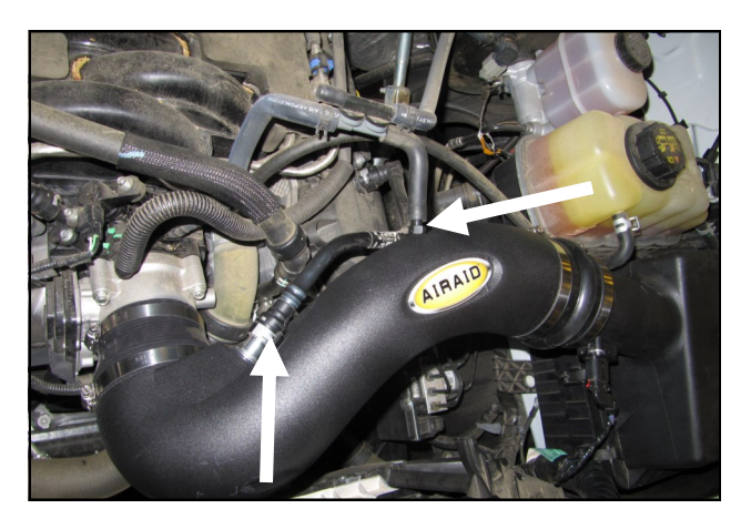
10. Reconnect the breather lines to the Airaid Intake
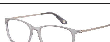
C19 52-18 STEELGRYBLUSH/GUN
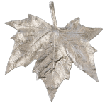
Silver/White Patina (FP/PB)
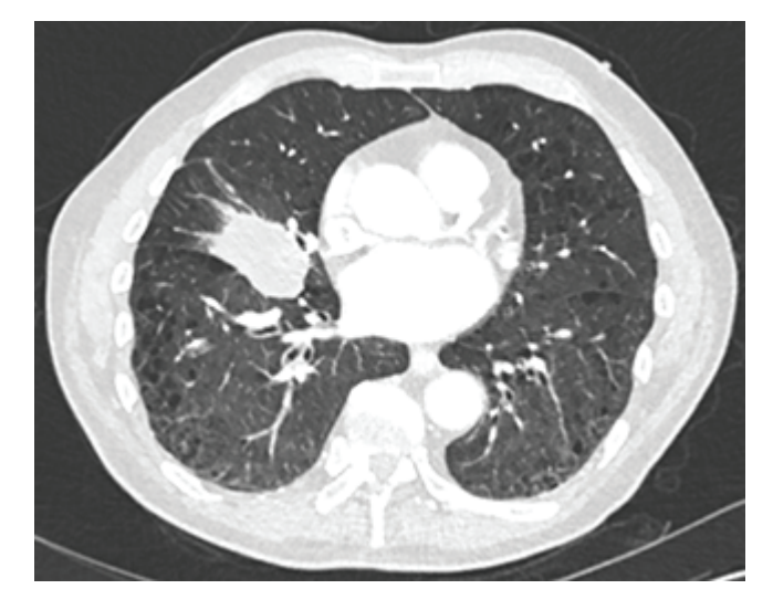
Figure 2. CT scan (lung window) of chest performed during admission showing a speculated soft tissue mass in the right middle lobe consistent with a primary bronchogenic carcinoma.

The staging CT was reported to be consistent with a primary bronchogenic carcinoma in the middle lobe of the right lung, classified as T2aN1M1b (Figure 2). The L1 vertebra was noted to have collapsed, with expansile lytic lesions extending into the left pedicle and transverse process (Figure 3). The surrounding soft tissue filled the nerve root exit foramina and encroached into the bony spinal canal. There were further multiple lytic lesions in the L4 vertebral body, left pedicle of the L5 vertebra, left sacral alum and right periacetabular region. On retrospective review of the CT performed 5 months ago, a lytic lesion was seen in the left posterior aspect of the L1 vertebra, extending into the spinal canal (Figure 4).
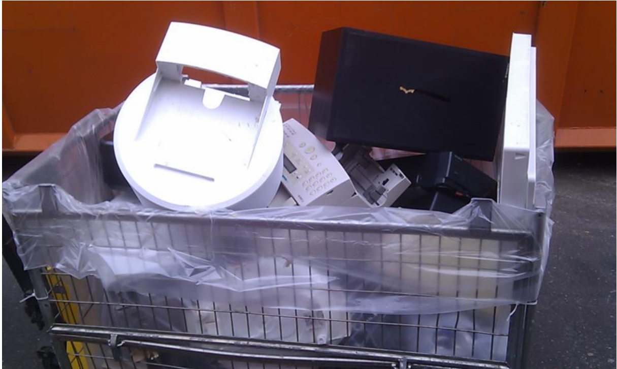
Foto 3: im Grosshandel verwendete faltbare Gitterboxen. Plastikfolien-Inliner werden nur z.T. verwendet
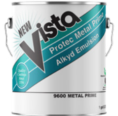
9600 Protec Metal Primer * Int./Ext.
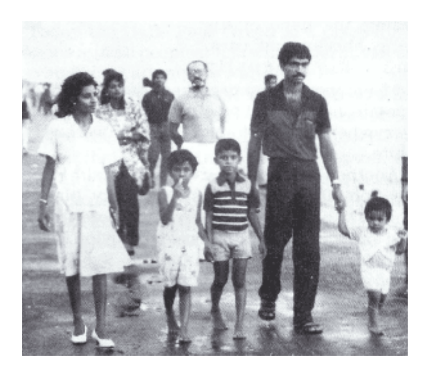
A family on an evening's outing at Galle Face promenade.
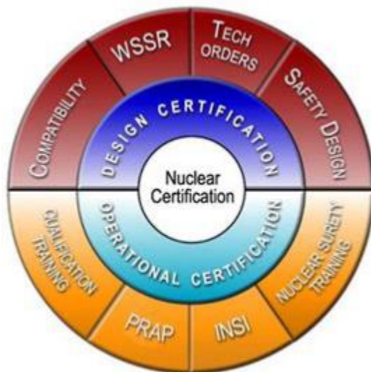
Figure 1.1. Nuclear Certification Major Elements and Components.

Legend: WSSR=Weapon System Safety Rules; PRAP=Personnel Reliability Assurance Program; INSI=Initial Nuclear Surety Inspection
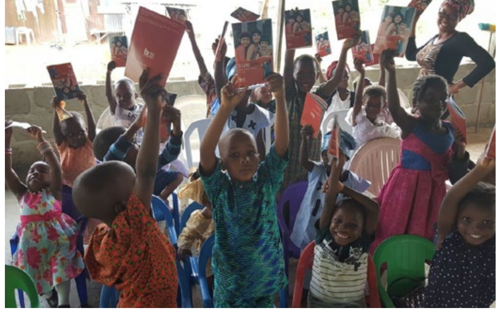
Children with their Bibletime booklets in Nigeria.
================================
THE TASK> Repeat exactly the lines from the first line of the records above through the line containing "Figure 1.1. Nuclear", leaving out the pictures.

TASK ANSWER>
10. Reconnect the breather lines to the Airaid Intake
C19 52-18 STEELGRYBLUSH/GUN
Silver/White Patina (FP/PB)
Figure 2. CT scan (lung window) of chest performed during admission showing a speculated soft tissue mass in the right middle lobe consistent with a primary bronchogenic carcinoma.

The staging CT was reported to be consistent with a primary bronchogenic carcinoma in the middle lobe of the right lung, classified as T2aN1M1b (Figure 2). The L1 vertebra was noted to have collapsed, with expansile lytic lesions extending into the left pedicle and transverse process (Figure 3). The surrounding soft tissue filled the nerve root exit foramina and encroached into the bony spinal canal. There were further multiple lytic lesions in the L4 vertebral body, left pedicle of the L5 vertebra, left sacral alum and right periacetabular region. On retrospective review of the CT performed 5 months ago, a lytic lesion was seen in the left posterior aspect of the L1 vertebra, extending into the spinal canal (Figure 4).
Foto 3: im Grosshandel verwendete faltbare Gitterboxen. Plastikfolien-Inliner werden nur z.T. verwendet
9600 Protec Metal Primer * Int./Ext.
A family on an evening's outing at Galle Face promenade.
Figure 1.1. Nuclear Certification Major Elements and Components.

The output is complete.